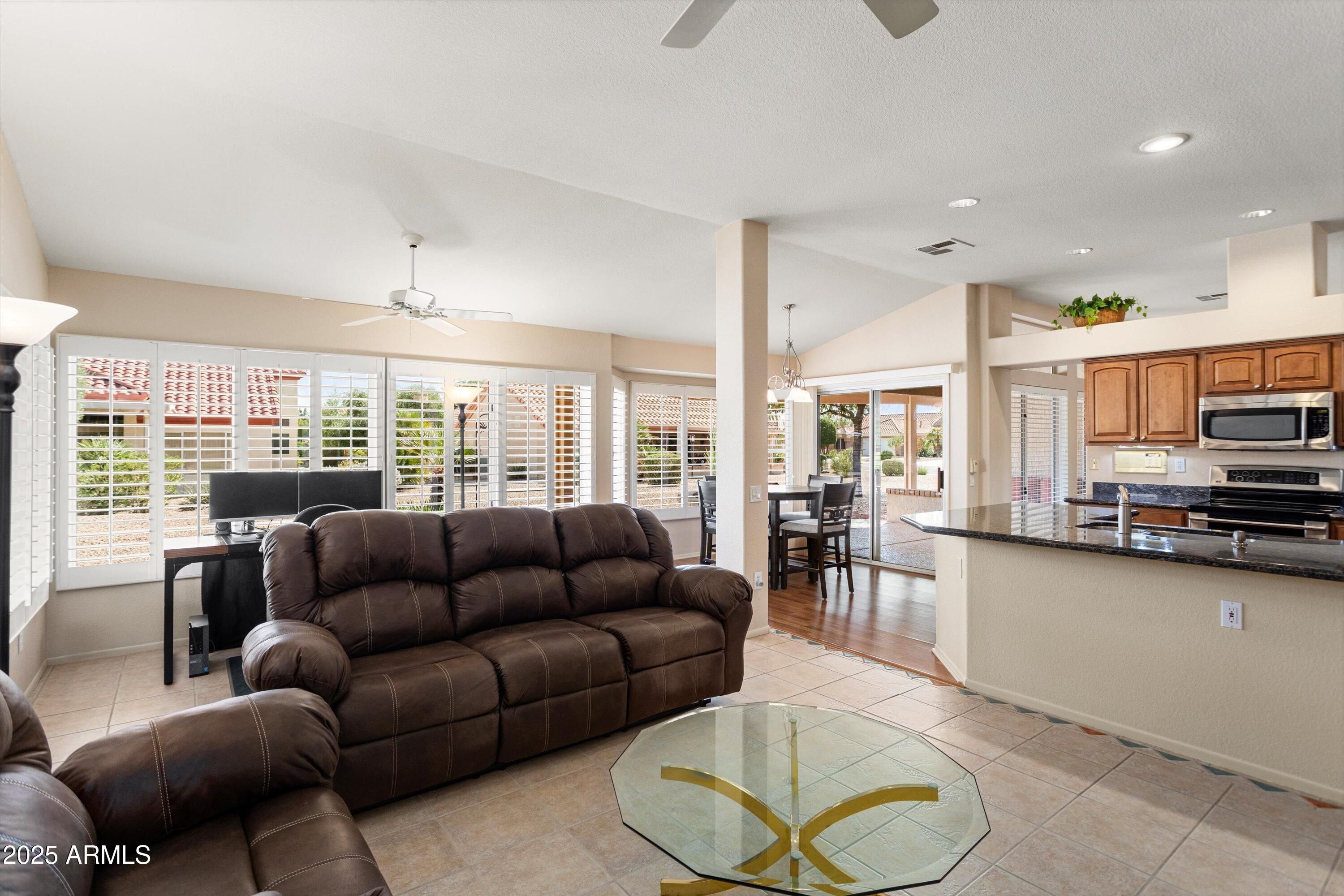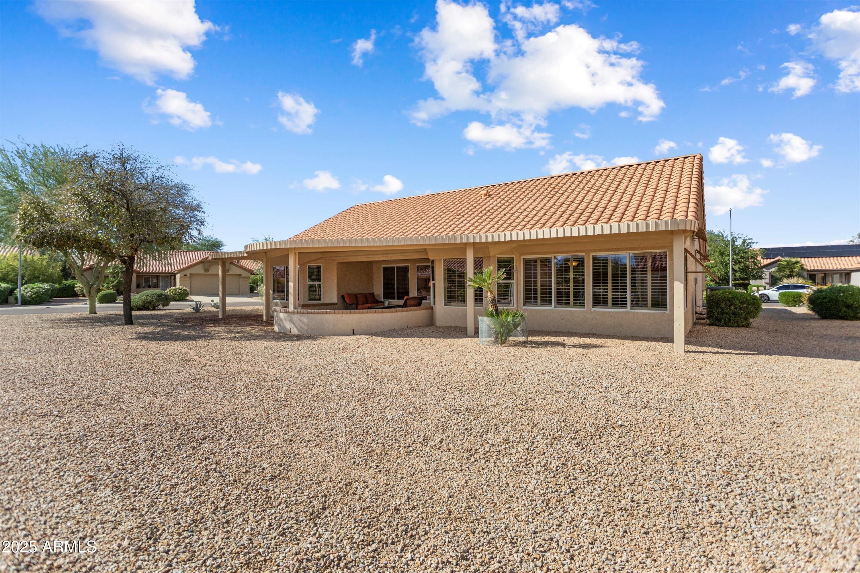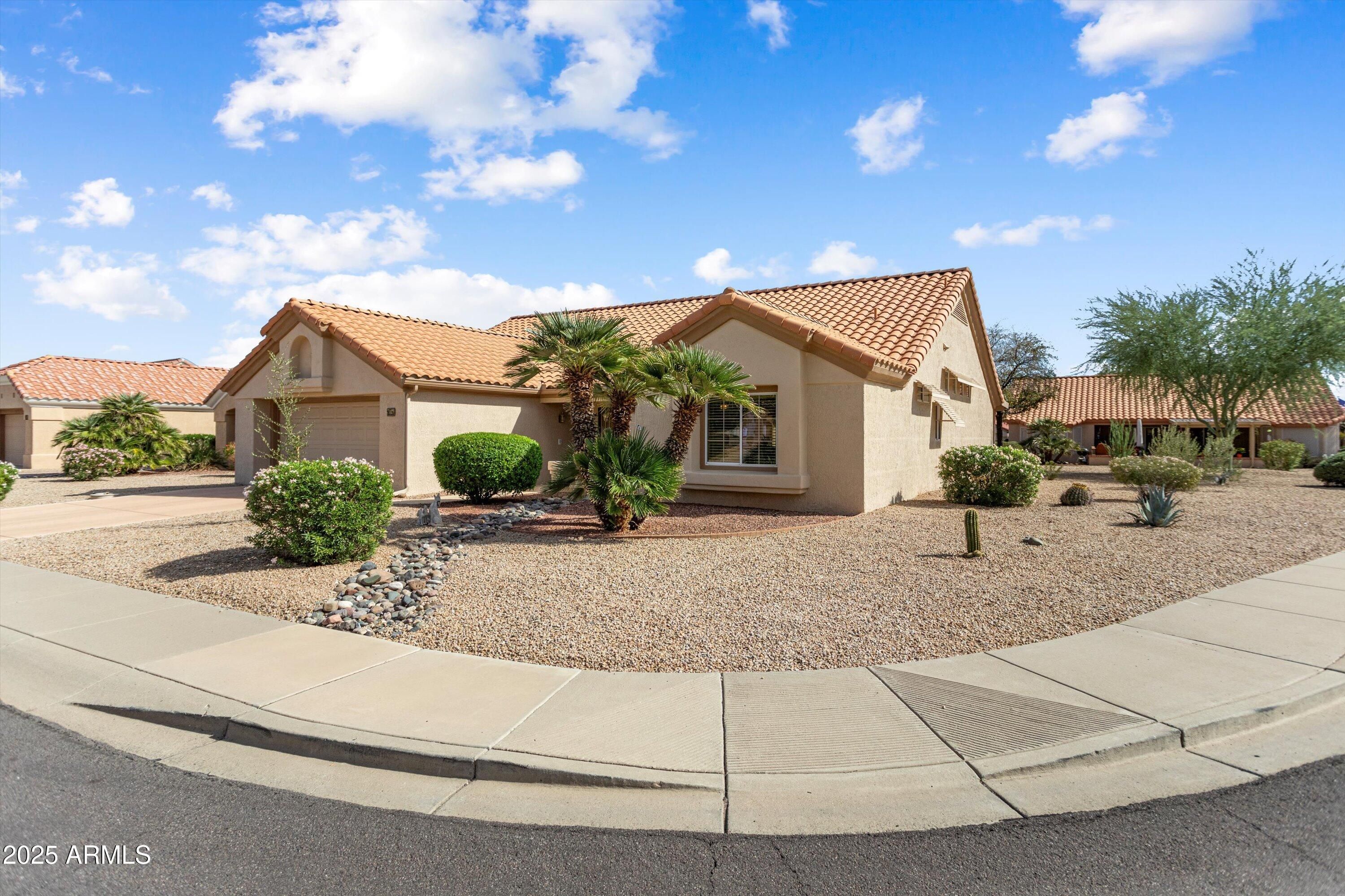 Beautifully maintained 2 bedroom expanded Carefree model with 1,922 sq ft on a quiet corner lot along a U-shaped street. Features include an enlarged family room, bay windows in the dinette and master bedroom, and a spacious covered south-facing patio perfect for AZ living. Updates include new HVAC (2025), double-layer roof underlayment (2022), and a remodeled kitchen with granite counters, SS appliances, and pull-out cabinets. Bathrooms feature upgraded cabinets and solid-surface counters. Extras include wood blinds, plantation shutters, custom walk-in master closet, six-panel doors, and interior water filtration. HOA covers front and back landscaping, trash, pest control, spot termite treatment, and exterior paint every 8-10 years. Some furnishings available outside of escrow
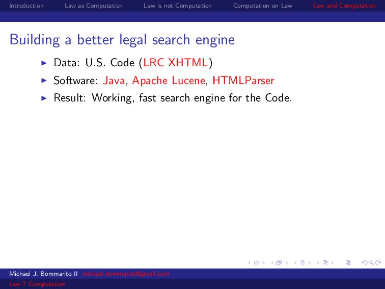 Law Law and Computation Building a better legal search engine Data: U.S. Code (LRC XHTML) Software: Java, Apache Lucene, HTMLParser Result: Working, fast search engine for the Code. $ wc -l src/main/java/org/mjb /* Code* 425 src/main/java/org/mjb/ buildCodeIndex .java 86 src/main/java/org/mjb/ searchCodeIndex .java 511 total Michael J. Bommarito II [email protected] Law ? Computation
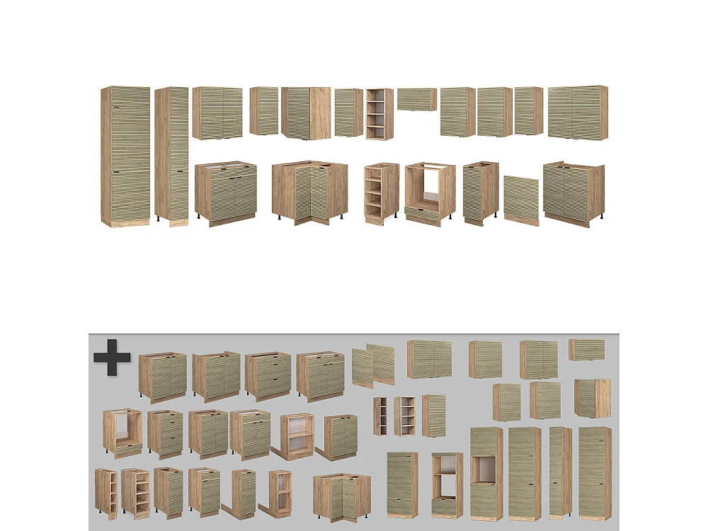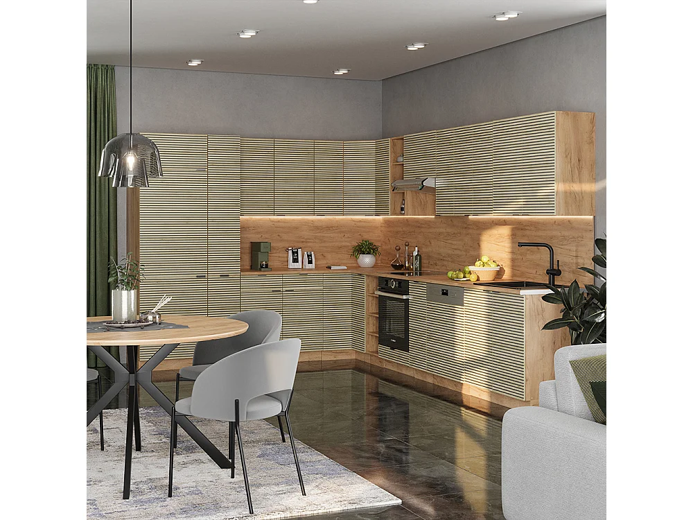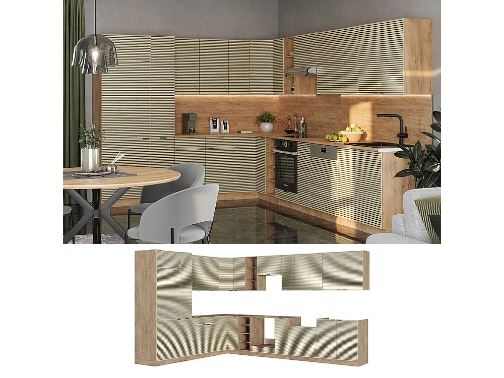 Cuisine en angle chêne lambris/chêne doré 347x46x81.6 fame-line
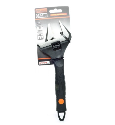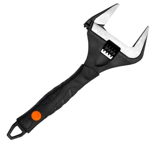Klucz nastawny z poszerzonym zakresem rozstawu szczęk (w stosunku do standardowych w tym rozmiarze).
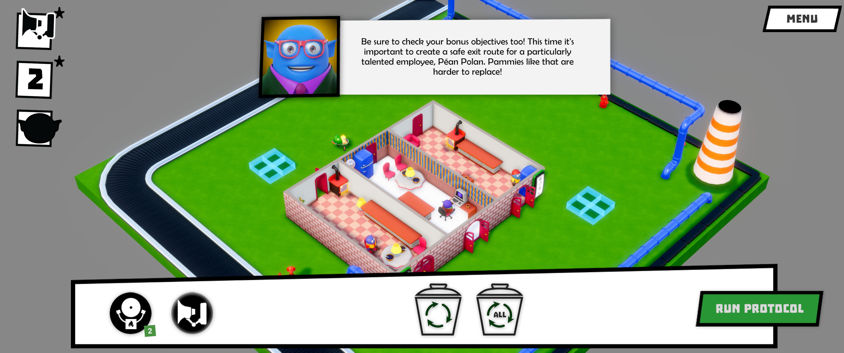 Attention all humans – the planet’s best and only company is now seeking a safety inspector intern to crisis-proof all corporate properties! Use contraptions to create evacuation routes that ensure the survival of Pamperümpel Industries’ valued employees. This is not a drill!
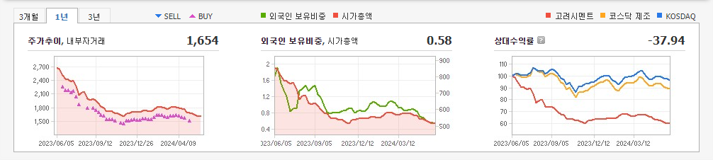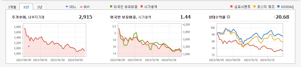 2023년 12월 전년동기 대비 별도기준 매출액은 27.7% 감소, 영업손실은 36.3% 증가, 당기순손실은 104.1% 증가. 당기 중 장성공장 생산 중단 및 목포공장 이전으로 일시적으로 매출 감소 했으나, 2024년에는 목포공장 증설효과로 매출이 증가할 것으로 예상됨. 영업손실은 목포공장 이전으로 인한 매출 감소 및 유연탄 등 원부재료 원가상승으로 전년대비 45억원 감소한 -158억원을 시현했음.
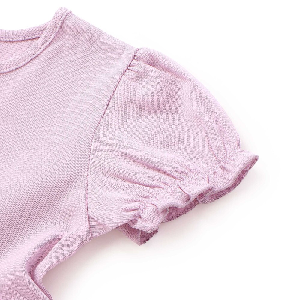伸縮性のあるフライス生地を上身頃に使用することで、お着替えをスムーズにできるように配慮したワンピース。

┄┄┄┄┄┄┄┄┄┄

What is needed. Output every record exactly, minus the pictures.

The completed task.
 Beautifully maintained 2 bedroom expanded Carefree model with 1,922 sq ft on a quiet corner lot along a U-shaped street. Features include an enlarged family room, bay windows in the dinette and master bedroom, and a spacious covered south-facing patio perfect for AZ living. Updates include new HVAC (2025), double-layer roof underlayment (2022), and a remodeled kitchen with granite counters, SS appliances, and pull-out cabinets. Bathrooms feature upgraded cabinets and solid-surface counters. Extras include wood blinds, plantation shutters, custom walk-in master closet, six-panel doors, and interior water filtration. HOA covers front and back landscaping, trash, pest control, spot termite treatment, and exterior paint every 8-10 years. Some furnishings available outside of escrow
 Law Law and Computation Building a better legal search engine Data: U.S. Code (LRC XHTML) Software: Java, Apache Lucene, HTMLParser Result: Working, fast search engine for the Code. $ wc -l src/main/java/org/mjb /* Code* 425 src/main/java/org/mjb/ buildCodeIndex .java 86 src/main/java/org/mjb/ searchCodeIndex .java 511 total Michael J. Bommarito II [email protected] Law ? Computation
 Cuisine en angle chêne lambris/chêne doré 347x46x81.6 fame-line
Klucz nastawny z poszerzonym zakresem rozstawu szczęk (w stosunku do standardowych w tym rozmiarze).
 Attention all humans – the planet’s best and only company is now seeking a safety inspector intern to crisis-proof all corporate properties! Use contraptions to create evacuation routes that ensure the survival of Pamperümpel Industries’ valued employees. This is not a drill!
 2023년 12월 전년동기 대비 별도기준 매출액은 27.7% 감소, 영업손실은 36.3% 증가, 당기순손실은 104.1% 증가. 당기 중 장성공장 생산 중단 및 목포공장 이전으로 일시적으로 매출 감소 했으나, 2024년에는 목포공장 증설효과로 매출이 증가할 것으로 예상됨. 영업손실은 목포공장 이전으로 인한 매출 감소 및 유연탄 등 원부재료 원가상승으로 전년대비 45억원 감소한 -158억원을 시현했음.
伸縮性のあるフライス生地を上身頃に使用することで、お着替えをスムーズにできるように配慮したワンピース。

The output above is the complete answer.